PROVIDED DATA —
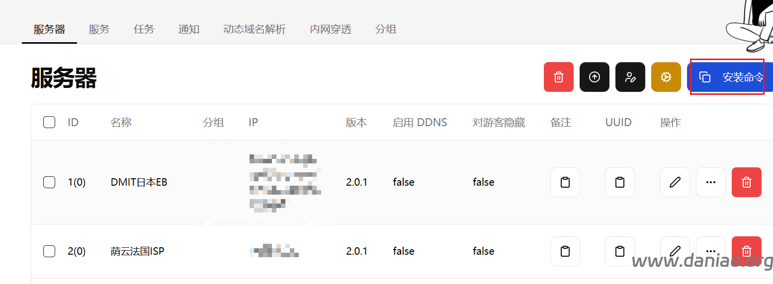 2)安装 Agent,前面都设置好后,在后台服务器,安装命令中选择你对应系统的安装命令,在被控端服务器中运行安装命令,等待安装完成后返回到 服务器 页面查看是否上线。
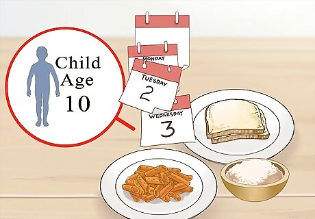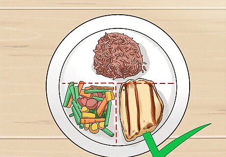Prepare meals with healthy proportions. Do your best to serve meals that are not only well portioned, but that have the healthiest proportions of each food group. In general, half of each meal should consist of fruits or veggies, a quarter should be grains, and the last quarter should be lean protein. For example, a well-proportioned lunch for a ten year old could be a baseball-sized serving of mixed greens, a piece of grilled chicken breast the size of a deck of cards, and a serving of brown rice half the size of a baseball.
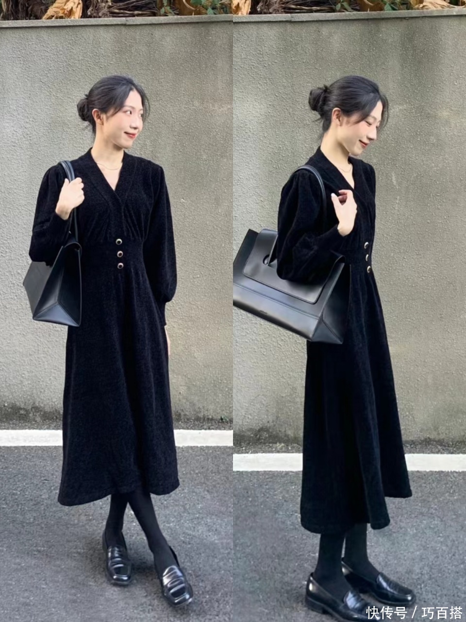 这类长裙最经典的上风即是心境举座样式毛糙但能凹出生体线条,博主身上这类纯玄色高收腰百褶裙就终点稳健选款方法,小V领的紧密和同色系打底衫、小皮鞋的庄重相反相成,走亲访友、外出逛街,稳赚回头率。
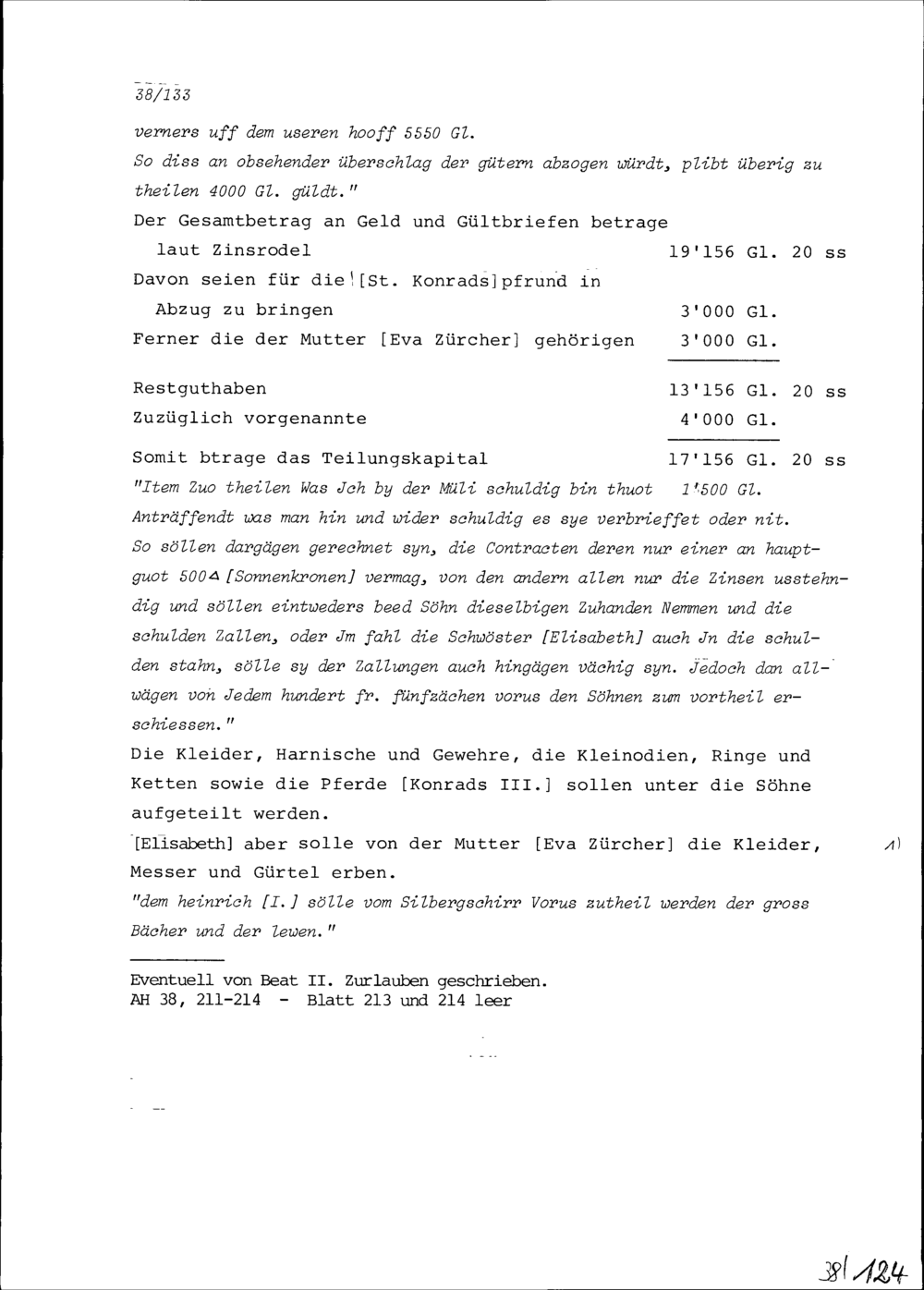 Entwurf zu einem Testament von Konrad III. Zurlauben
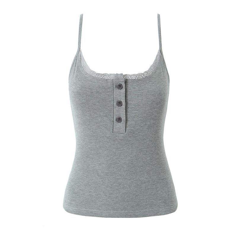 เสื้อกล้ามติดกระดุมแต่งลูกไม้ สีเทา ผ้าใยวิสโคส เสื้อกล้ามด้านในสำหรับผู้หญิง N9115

EXERCISE INSTRUCTIONS — Pictures do not belong in the copy. Repeat exactly each line from the one with "Prepare meals with" through the end of the listing.

TASK ANSWER —
Prepare meals with healthy proportions. Do your best to serve meals that are not only well portioned, but that have the healthiest proportions of each food group. In general, half of each meal should consist of fruits or veggies, a quarter should be grains, and the last quarter should be lean protein. For example, a well-proportioned lunch for a ten year old could be a baseball-sized serving of mixed greens, a piece of grilled chicken breast the size of a deck of cards, and a serving of brown rice half the size of a baseball.
 这类长裙最经典的上风即是心境举座样式毛糙但能凹出生体线条,博主身上这类纯玄色高收腰百褶裙就终点稳健选款方法,小V领的紧密和同色系打底衫、小皮鞋的庄重相反相成,走亲访友、外出逛街,稳赚回头率。
 Entwurf zu einem Testament von Konrad III. Zurlauben
 เสื้อกล้ามติดกระดุมแต่งลูกไม้ สีเทา ผ้าใยวิสโคส เสื้อกล้ามด้านในสำหรับผู้หญิง N9115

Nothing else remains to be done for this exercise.